Boeing Company, US0970231058

Booking Holdings stock (US0970231058): Shares drop 3.44% to $155 amid earnings anticipation

14.05.2026 - 12:03:48 | ad-hoc-news.de

Booking Holdings Inc. stock fell 3.44% on May 13, 2026, closing at $155.03, as investors await Q2 earnings on July 29 with consensus EPS of $50.46.

Boeing Company, US0970231058
Boeing Company, US0970231058

Booking Holdings Inc. stock declined 3.44% on Wednesday, May 13, 2026, moving from $160.56 to $155.03 on Nasdaq, according to StockInvest.us as of May 14, 2026. The move comes ahead of the company's next earnings release scheduled for July 29, 2025, after market close, where analysts expect EPS of $50.46.

As of: 14.05.2026

By the editorial team – specialized in equity coverage.

At a glance

  • Name: Booking Holdings Inc.
  • Sector/industry: Online travel services
  • Headquarters/country: Norwalk, CT, USA
  • Core markets: Global, over 220 countries
  • Key revenue drivers: Hotel bookings, flights, rentals
  • Home exchange/listing venue: Nasdaq (BKNG)
  • Trading currency: USD

Official source

For first-hand information on Booking Holdings Inc., visit the company’s official website.

Go to the official website

Booking Holdings Inc.: core business model

Booking Holdings Inc. operates as a leading provider of online travel services, connecting consumers with hotels, flights, car rentals, and attractions worldwide through brands like Booking.com, Priceline, Agoda, KAYAK, and OpenTable. The company facilitates over 28,000 hotel listings daily and serves more than 220 countries and territories, according to its investor relations site as of May 14, 2026. This platform-based model generates revenue primarily from merchant and agency fees on bookings.

Headquartered in Norwalk, Connecticut, Booking Holdings leverages data analytics and AI to personalize travel recommendations, enhancing user retention. For US investors, the company's strong exposure to domestic leisure and business travel markets, including partnerships with major US airlines and hotels, underscores its relevance amid economic cycles.

Main revenue and product drivers for Booking Holdings Inc.
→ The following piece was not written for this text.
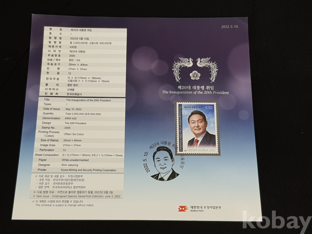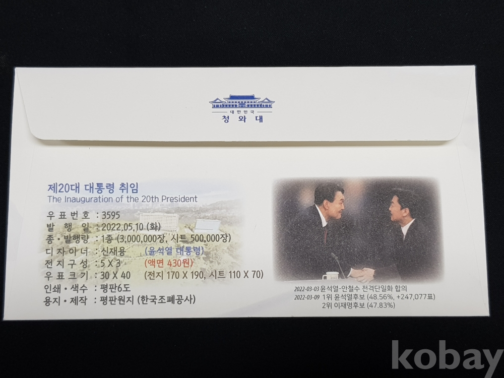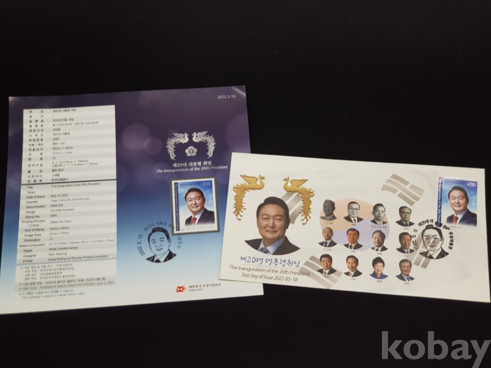 - 제 20대 윤석열 대통령 취임 초일봉피, 안내카드 2종 모음

The bulk of Booking Holdings' revenue stems from accommodation reservations via Booking.com, which accounted for the majority of gross bookings in recent quarters. Flights and rental cars contribute growing shares, with alternative accommodations like vacation rentals expanding through acquisitions. In its Q3 2024 earnings reported in late 2024, the company posted EPS of $83.89, surpassing Zacks Consensus of $77.94 by 7.63%, per Zacks as of May 14, 2026.

Key drivers include mobile app adoption, which drives over 50% of bookings, and expansion into experiential services via OpenTable restaurant reservations. For US investors, Booking Holdings' sensitivity to travel demand in North America—its largest market—ties performance to consumer spending and airline capacity.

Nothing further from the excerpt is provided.